Я лег на спину и никак не мог заснуть. Мне казалось, что все совершается в сказке. Кто бы мог сказать еще месяц назад, что вот теперь, сейчас, сию минуту я еду в Ташкент? А теперь я оставляю без сожаления блестящую шумную жизнь, веселые дни и бессонные белые ночи.

Да, сказка… Сказка, непонятная мне самому…

— Господа, ваши билетики позвольте!

Черт знает что такое: спать хочется, а они за билетами лезут. Положим, они говорят, что отберут билеты на всю ночь, чтобы больше нас не беспокоить. Но разве нельзя было сделать это раньше? Кондуктор это злой, бессовестный человек. Он не жалеет пассажиров. Он мучает их всю ночь, как вампир. И когда на другое утро на московском вокзале выходят из вагонов скелеты тех, кто полные жизни садились накануне в поезд, — он радостно потирает себе руки и злобно хохочет, как сатана.

Один мой знакомый совершенно случайно попал в ад: он был болен и в точности следовал всем указаниям своего врача. Он писал оттуда, что в аду высшие мучения заключаются в постоянном переезде из Петербурга в Москву и обратно. А самый главный черт одет в форму кондуктора Николаевской железной дороги…

Наконец билеты взяты. Двери купе закрыты. Фонарь потушен. Я сплю.


Глава II

— Господа, господа, ведь сейчас приезжаем, а у нас еще ничего не прибрано. Посмотрите, какой развал!

Генеральный Штаб с отчаянием срывается с своей койки и начинает порывисто одеваться. По дороге он наносит легкий удар по крестцу Восточным Языкам. Языки поднимаются и медленно надевают на себя китель. А я, пользуясь тем, что я наверху и до меня не добраться, — сладко потягиваюсь и с высоты своего величия наблюдаю за тем, как где-то внизу копошатся люди.

Однако нельзя же так лежать до бесконечности. Встаю, беру полотенце, выхожу в коридор, чтобы умыться.
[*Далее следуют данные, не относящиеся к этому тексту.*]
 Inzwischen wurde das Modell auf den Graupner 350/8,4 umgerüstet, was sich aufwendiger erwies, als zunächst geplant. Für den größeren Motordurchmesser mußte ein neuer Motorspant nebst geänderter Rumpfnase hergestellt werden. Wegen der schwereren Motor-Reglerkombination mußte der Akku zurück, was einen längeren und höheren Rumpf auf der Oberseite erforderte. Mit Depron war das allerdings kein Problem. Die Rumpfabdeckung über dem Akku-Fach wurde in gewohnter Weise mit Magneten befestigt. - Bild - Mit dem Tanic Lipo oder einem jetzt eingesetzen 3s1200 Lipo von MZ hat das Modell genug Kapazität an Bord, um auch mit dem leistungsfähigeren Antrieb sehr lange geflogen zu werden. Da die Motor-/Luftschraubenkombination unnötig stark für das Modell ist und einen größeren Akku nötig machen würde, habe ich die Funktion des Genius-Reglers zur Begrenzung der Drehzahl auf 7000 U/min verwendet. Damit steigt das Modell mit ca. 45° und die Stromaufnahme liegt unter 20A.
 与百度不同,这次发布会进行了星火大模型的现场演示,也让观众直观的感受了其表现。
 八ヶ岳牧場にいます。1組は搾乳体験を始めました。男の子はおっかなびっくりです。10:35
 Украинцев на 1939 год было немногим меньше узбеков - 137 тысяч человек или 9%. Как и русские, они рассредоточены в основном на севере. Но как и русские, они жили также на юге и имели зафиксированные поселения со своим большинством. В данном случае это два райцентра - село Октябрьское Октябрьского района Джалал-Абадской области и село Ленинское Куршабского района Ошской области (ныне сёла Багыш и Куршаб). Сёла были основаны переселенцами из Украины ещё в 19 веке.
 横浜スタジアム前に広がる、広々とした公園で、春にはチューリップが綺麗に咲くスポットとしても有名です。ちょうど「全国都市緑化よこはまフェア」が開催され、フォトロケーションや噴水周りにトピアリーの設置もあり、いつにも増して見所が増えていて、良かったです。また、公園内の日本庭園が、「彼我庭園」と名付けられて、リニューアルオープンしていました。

Я с наслаждением умылся, хотя наслаждение было не из особенно больших: вместо воды из крана текла какая-то бурая жидкость. Вероятно, буфетчик налил в умывальник остатки старого кофе. Но делать нечего: ведь и Дарий, напившись воды из мутной лужи в пустыне, нашел, что это был лучший напиток в мире.

Возвращаюсь в купе. Генеральный Штаб, чистенький, маленький и толстенький, сидит у окошка и жизнерадостно смотрит на свет Божий, склонив головку на правое плечо и меланхолически играя аксельбантами.

Восточные Языки с визгом и щелком закрывают свои чемоданы. Чемоданы капризничают и не хотят подчиняться хозяину: когда он кладет свою подушку, чемодан с яростью выбрасывает с другой стороны одеяло, стоит положить одеяло, как с шумом выбрасываются сапоги. Хозяин тискает в него сапоги, — чемодан с презрением переворачивается и с злобным наслаждением выкидывает целую гору книг. Восточные Языки с бешенством набрасываются на чемодан, давят его коленом живот, бьют его кулаком по лицу: чемодан покоряется и со вздохом позволяет себя связать и положить на сетку.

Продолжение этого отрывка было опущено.